* **Work instruction**
Each line of the data must be given back verbatim, with pictures removed.

* **Dataset excerpt**
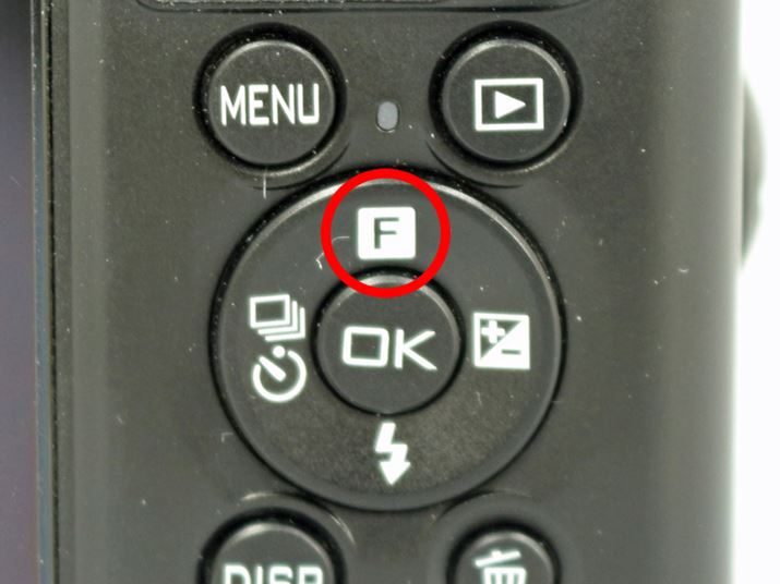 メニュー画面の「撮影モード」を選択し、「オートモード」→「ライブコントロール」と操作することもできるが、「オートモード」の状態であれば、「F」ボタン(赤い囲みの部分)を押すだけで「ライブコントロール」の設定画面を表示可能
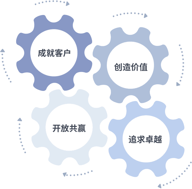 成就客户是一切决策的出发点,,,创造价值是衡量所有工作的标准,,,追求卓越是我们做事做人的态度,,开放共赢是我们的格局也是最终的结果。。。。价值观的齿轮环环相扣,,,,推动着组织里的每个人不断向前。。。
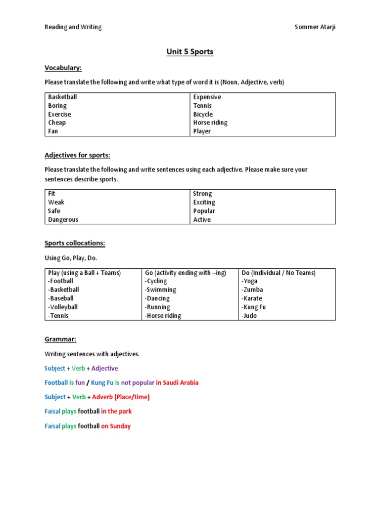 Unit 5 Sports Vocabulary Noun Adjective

* **Answer section**
 メニュー画面の「撮影モード」を選択し、「オートモード」→「ライブコントロール」と操作することもできるが、「オートモード」の状態であれば、「F」ボタン(赤い囲みの部分)を押すだけで「ライブコントロール」の設定画面を表示可能
 成就客户是一切决策的出发点,,,创造价值是衡量所有工作的标准,,,追求卓越是我们做事做人的态度,,开放共赢是我们的格局也是最终的结果。。。。价值观的齿轮环环相扣,,,,推动着组织里的每个人不断向前。。。
 Unit 5 Sports Vocabulary Noun Adjective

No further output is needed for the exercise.